For iOS, I think it makes more sense right now to have an independent GeoJSON-to-MGL* library rather than folding the APIs directly into the Mapbox iOS SDK. A developer using React Native Mapbox GL would want to use a more idiomatic React Native component anyways.

1ec5 commented 8 years ago

Note that basic GeoJSON support has landed in the native SDKs, in the form of GeoJSON sources and more-or-less GeoJSON-compatible geometry classes. This ticket remains open to track ideas for streamlining GeoJSON-related workflows. For example, a built-in GeoJSON (de)serialization feature (think MGLGeoJSONSerialization on iOS and macOS) is now eminently feasible.

tobrun commented 8 years ago

obsolete, closing

1ec5 commented 8 years ago

For iOS and macOS, an MGLGeoJSONSerialization utility would still be desirable.

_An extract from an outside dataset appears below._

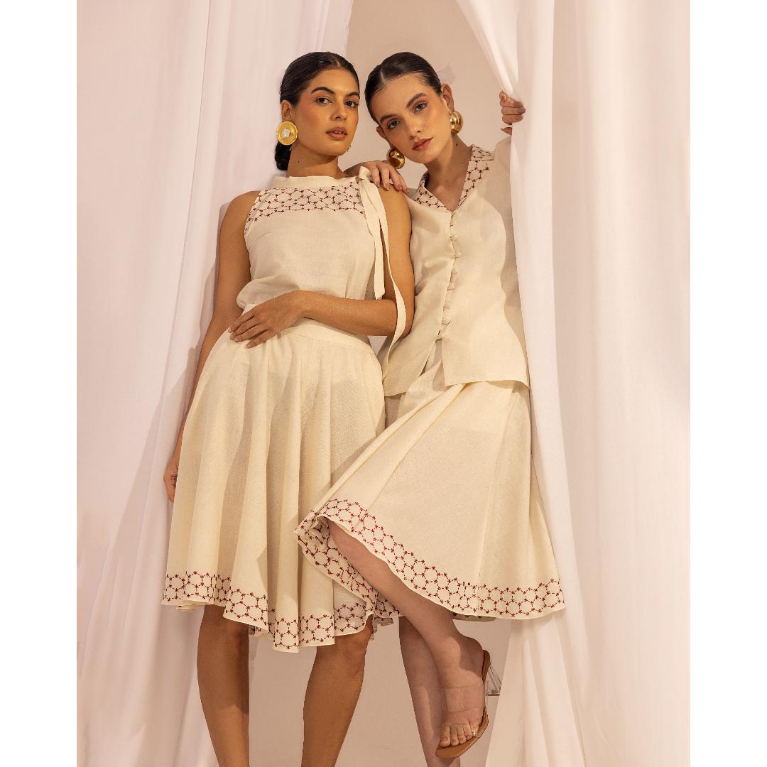 Our knee-length skirt flares out in a full circle, with hand embroidery at the hem.

Reopening and removing the Android label.

1ec5 commented 7 years ago

Serialization and deserialization methods are being added in #7377. These methods live on MGLShape rather than a standalone MGLGeoJSONSerialization class, because deserializing a GeoJSON data object can only result in a kind of MGLShape, whereas NSJSONSerialization may return anything from a dictionary to a string (if fragments are allowed).

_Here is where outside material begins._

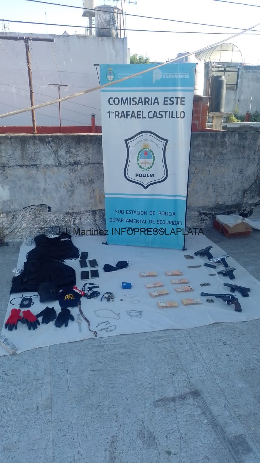 Personal de la Comisaría de Rafael Castillo se constituyo en una vivienda de la calle *San Matias 2782* a raíz de un “Robo en proceso” donde una vez próximo a la vivienda, alertado de la presencia policial tres masculinos se dan a la fuga del lugar, procediendo personal al ingreso y aprehensión de dos personas quienes se hallaban en el interior de la vivienda a quien se identifican al momento como: *Castro Juan (48) Dlio “Villa Albertina” – L de Zamora, Indocumentado* y de: *Insaurralde Julio Elias (57) Domiciliado en Lomas de Zamora Puede ser una imagen de 2 personas y texto que dice "BUENOSAIRES COMISARIA ESTE 1*RAFAEL CASTILLO POOWMLOADE SIENOTARG POLICIA SUB ESTACION DE POLICIA DEPARTAMENTAL DE SEGURIDAD ESTE LAMATANZA"Puede ser una imagen de 2 personas y texto que dice "BUENOSAIRES COMISARIA ESTE 1RAFAEL CASTILLO PREMCAOE PUENOSAG POLICIA SUB ESTACION DE POLICIA DEPARTAMENTAL DE SEGURIDAD ESTE LAMATANZA" Puede ser una imagen de 2 personas y texto que dice "BUENOS COMISARIA ESTE RAFAEL CASTILLO PROIMCAOR BUENOSARE POLICIA SUB ESTACION DE POLICIA DEPARTAMENTAL DE SEGURIDAD ESTE LAMATANZA" Ambos con vestimenta de Policia Federal Argentina, presentando además “chapa pecho” colocada, observando además cinco armas de fuego: 4 pistolas y 1 revolver y 2 chalecos antibalas, como asi en las inmediaciones del lugar, y tras una breve persecución en calle *Estanislao del Campo y Terrero* se logra la aprehensión de un tercero, identificado como: *Luis Esteban Junior Monterrosa Martinez (31) Domiciliado en Lanus, portando chaleco de policia, entrevistándose con: *Victima de (30) años quien da cuenta que los mismos arribaron a la vivienda refiriendo que se trata de un Allanamiento, efectuando un disparo en el interior de manera intimidatoria, victimas ilesas. En el lugar se procede además a la incautación de: *Vehículo VW UP Blanco Ptte AC-252-SZ en el cual arribaron al lugar. Interviene señor agente fiscal Dr Diomede, UFI 5 Dtal.

The methods being added in #7377 work with NSData objects containing GeoJSON string data, because working with data read in or being written out to a file is the most likely use case for this API. NSJSONSerialization can be composed with MGLShape methods to get Foundation-typed collection classes if needed, at a slight performance cost. If this cost turns out to be a problem, we can revisit adding additional methods to MGLShape to work with NSDictionary directly.

nitrag commented 7 years ago

Ok some of your conversation is over my head but just wanted to add my 2 cents.

Currently I'm appending data to the map as the user pans around.

  1. Ajax request to Server. GeoJSON response as STRING.
  2. Use SwiftyJSON to parse the String. Return (Swifty)JSON object.
  3. Retrieve GeoJSON source as (NS)Data. Convert it to (Swifty)JSON object. Loop through and merge the two JSON's into new a object. Return (NS)Data.
  4. Set the GeoJSON Source to the newly merged Data in Step 4.

It would be really cool to just be able to pass a GeoJSON string, with an optional append parameter set to true to the GeoJSON source. (append:false would replace)

geoJSONsource.setGeoJSON(string: geojsonString, append: true)

1ec5 commented 7 years ago

You'll need to call MGLShape(data:encoding:) to convert the new GeoJSON data (no need for SwiftyJSON) into an MGLShape. Then you can get the MGLShapeCollection (or MGLShapeCollectionFeature) stored in MGLShapeSource.shape, add to its list of shapes, and set MGLShapeSource.shape` to the modified collection.

Since this will be a common use case, we should have an example of it. /cc @friedbunny

1ec5 commented 7 years ago

Fixed in #7377 on the iOS SDK v3.4.0 release branch.